The expected output is each line from the one containing "Body Tết Tài" to the last line of the data below, set down exactly, minus the pictures.

- DATA SEGMENT:
........
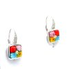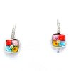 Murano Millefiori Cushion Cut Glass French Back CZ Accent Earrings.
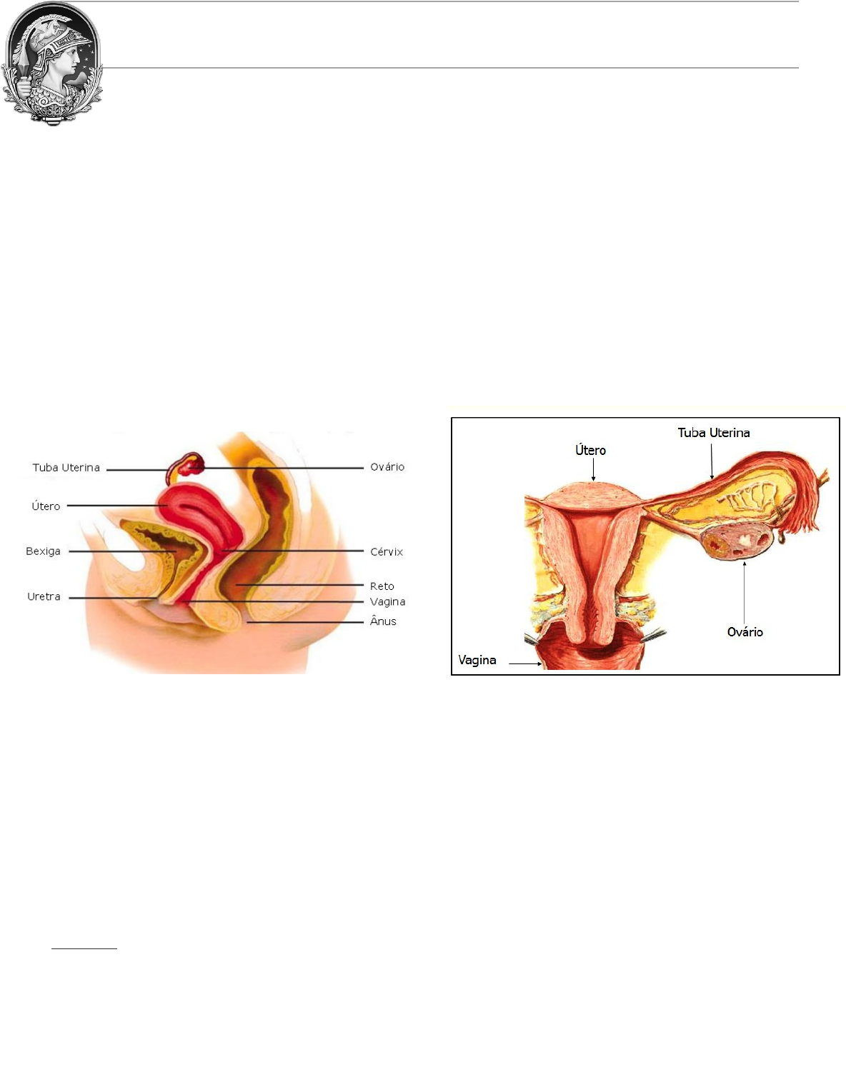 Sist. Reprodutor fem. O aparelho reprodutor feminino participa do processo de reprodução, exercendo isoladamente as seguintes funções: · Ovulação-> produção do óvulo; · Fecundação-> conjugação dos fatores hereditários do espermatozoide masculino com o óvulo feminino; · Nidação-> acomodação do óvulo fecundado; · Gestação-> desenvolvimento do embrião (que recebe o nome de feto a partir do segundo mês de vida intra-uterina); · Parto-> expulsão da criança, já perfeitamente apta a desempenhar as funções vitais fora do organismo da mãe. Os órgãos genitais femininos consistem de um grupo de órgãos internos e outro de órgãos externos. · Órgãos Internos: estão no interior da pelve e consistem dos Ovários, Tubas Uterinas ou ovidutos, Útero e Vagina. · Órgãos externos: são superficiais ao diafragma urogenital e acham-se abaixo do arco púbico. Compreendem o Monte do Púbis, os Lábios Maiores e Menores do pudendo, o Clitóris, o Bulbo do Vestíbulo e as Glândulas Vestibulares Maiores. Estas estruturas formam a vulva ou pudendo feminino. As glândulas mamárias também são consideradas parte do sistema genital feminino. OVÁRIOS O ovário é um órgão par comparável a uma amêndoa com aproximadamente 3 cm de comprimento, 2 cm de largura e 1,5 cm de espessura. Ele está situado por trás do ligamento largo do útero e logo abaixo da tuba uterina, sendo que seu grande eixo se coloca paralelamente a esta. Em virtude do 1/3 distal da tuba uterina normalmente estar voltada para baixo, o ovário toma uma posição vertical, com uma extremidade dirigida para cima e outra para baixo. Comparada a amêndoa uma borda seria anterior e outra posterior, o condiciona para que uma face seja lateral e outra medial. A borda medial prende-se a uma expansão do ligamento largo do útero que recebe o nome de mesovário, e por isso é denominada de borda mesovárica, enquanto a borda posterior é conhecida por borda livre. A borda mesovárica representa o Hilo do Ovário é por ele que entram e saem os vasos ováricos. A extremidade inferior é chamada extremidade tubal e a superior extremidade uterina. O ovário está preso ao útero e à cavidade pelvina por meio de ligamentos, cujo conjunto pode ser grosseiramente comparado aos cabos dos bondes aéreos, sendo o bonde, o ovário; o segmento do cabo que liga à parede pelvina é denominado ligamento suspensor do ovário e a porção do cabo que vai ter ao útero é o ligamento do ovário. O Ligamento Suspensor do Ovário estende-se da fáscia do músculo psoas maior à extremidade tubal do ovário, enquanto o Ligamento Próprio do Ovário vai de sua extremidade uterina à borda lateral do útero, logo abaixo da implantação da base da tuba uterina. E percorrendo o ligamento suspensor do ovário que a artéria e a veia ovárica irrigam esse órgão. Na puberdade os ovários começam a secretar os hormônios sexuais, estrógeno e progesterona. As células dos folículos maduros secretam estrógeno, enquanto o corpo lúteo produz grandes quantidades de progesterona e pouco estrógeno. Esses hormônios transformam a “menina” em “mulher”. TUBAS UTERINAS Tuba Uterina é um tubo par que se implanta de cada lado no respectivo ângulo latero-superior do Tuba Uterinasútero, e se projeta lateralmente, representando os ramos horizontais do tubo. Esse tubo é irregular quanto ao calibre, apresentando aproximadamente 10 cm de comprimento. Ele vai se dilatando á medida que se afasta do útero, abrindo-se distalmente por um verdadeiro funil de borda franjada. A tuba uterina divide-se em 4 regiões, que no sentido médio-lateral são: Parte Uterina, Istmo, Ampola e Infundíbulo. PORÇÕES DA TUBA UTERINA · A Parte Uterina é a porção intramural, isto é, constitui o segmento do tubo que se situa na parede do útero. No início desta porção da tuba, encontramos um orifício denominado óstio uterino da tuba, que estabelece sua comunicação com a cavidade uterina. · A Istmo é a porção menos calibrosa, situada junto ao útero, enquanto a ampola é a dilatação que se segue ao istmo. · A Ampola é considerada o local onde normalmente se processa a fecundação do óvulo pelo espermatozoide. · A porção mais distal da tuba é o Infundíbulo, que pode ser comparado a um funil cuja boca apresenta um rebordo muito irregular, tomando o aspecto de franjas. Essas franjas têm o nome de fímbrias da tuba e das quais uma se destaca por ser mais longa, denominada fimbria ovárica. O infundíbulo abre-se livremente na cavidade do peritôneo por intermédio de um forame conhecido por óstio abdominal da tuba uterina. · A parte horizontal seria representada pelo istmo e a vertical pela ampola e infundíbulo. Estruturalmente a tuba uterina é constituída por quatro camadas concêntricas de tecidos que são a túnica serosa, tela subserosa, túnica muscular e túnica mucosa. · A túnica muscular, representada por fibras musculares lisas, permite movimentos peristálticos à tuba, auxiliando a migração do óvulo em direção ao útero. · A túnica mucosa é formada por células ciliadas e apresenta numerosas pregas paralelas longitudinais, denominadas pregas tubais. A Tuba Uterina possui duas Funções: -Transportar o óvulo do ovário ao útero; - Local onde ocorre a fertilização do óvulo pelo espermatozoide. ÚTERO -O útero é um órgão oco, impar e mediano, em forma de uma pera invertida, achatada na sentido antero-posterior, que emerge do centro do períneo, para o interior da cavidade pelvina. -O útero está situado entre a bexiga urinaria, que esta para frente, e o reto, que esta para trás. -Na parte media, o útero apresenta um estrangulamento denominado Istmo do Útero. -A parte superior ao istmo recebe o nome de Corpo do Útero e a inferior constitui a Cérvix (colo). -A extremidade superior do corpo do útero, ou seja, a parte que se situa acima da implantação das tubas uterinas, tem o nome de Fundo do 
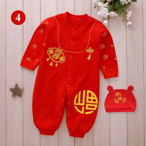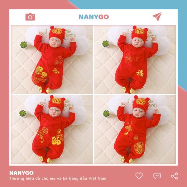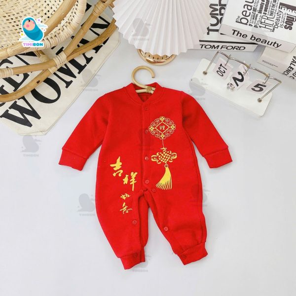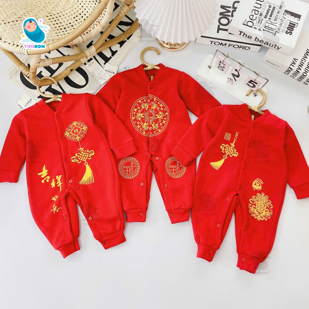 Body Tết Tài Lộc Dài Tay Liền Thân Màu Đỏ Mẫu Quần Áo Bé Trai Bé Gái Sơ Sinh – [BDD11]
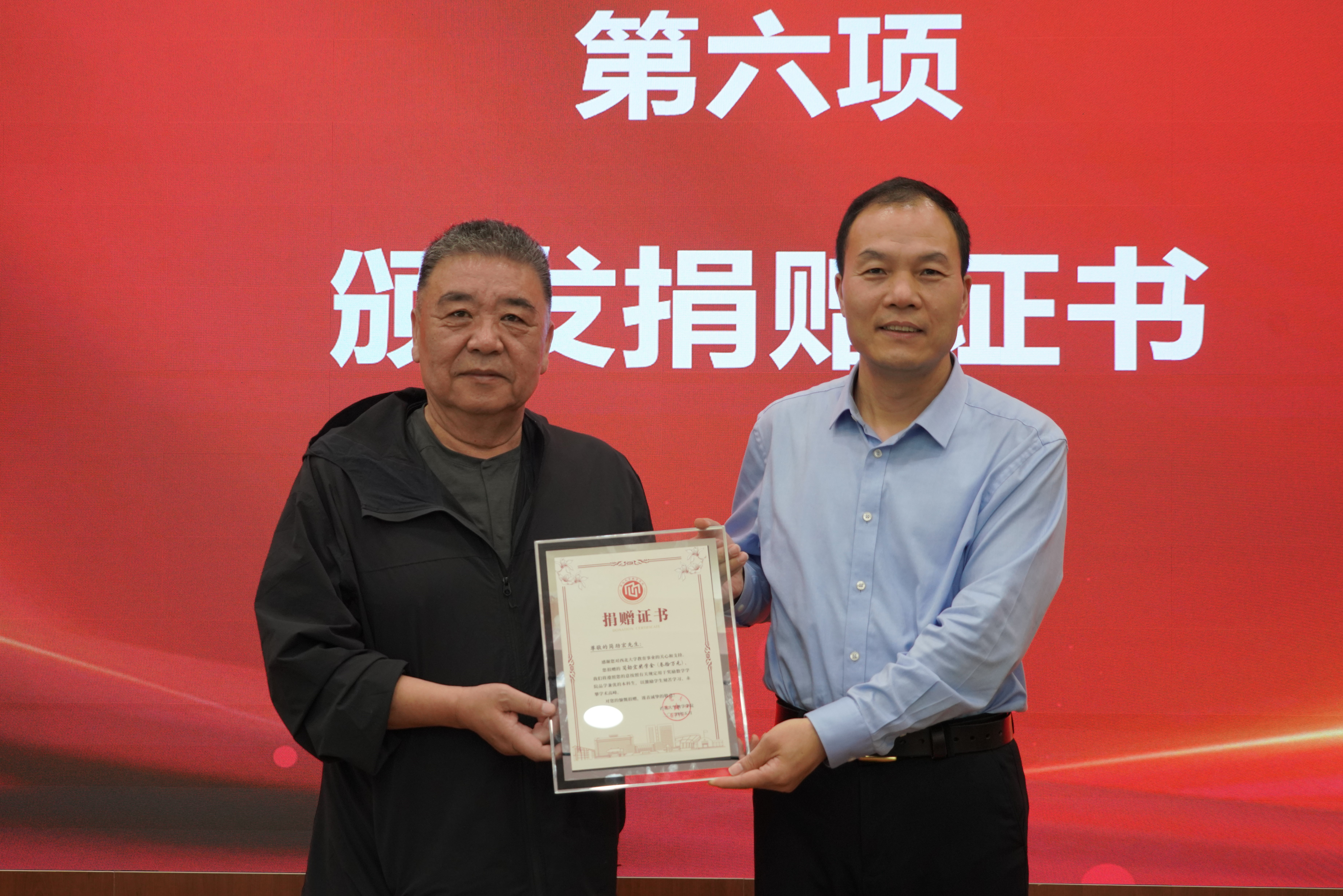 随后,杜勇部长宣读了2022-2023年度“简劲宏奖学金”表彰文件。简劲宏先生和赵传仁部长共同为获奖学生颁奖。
........
- SOLUTION:
 Body Tết Tài Lộc Dài Tay Liền Thân Màu Đỏ Mẫu Quần Áo Bé Trai Bé Gái Sơ Sinh – [BDD11]
 随后,杜勇部长宣读了2022-2023年度“简劲宏奖学金”表彰文件。简劲宏先生和赵传仁部长共同为获奖学生颁奖。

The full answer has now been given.